Reputation: 10346
Is there a way to get the amount of free space available to an application's SQLite DB? I see that SQLiteDatabase.getMaximumSize() returns the maximum size of a DB, but is there a way to get the current amount of bytes taken up by the database?
Upvotes: 1
Views: 1641
Reputation: 542
To answer your question, yes there is a way to check how much space the DB is currently using. As Joe noted, you can get the file path and check the size of the file.
I used this method before to prevent a database from increasing beyond a specific size. After writing data to the database, I would call a function to check its size and delete rows if necessary.
public synchronized void checkDbSize()
{
File f = m_context.getDatabasePath(DATABASE_NAME);
long dbSize = f.length();
if(dbSize > DB_SIZE_LIMIT)
{
//Delete X rows from DB
}
}
Upvotes: 2
Reputation: 180020
There is no meaningful default maximum size; you will run into the device's storage size limit first.

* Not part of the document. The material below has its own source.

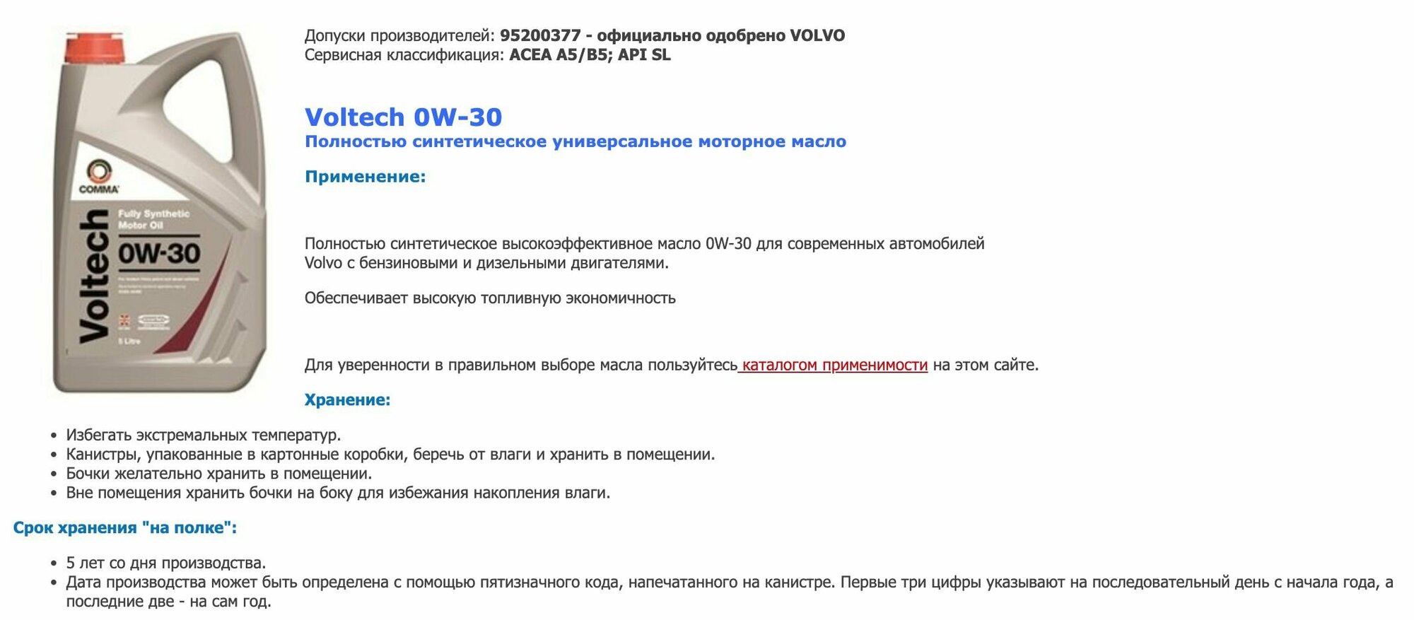 COMMA Масло Моторное Voltech For Volvo 0w-30 (Acea A5/B5) 5л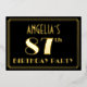 The front of this 1920s/1930s style inspired and vintage-appearance eighty-seventh birthday celebration/party foil invitation features an editable name, a large art deco style inspired number “87th”, the message “BIRTHDAY PARTY”, and a border pattern consisting of lines. There is a black-coloured background on the front by default, but it can be customized to a different colour if desired. The back features personalized details about the event, such as the date, time, venue, and any other important information. Elegant, luxurious, customized invitations like these might be used to invite guests to a birthday party being held to celebrate somebody’s 87th birthday. [~Z0000591]

You could use a tool like sqlite-analyzer to estimate how much space your data is likely to take up when it grows, but there is no easy way to find out at runtime how near the limit you are.
If you fear that your database becomes too big, you have to regularly clean out old data. You cannot use VACUUM (which creates a temporary copy of the DB file), but you might want to enable PRAGMA auto_vacuum, which at least ensures that the unused pages inside your DB file do not grow out of bounds.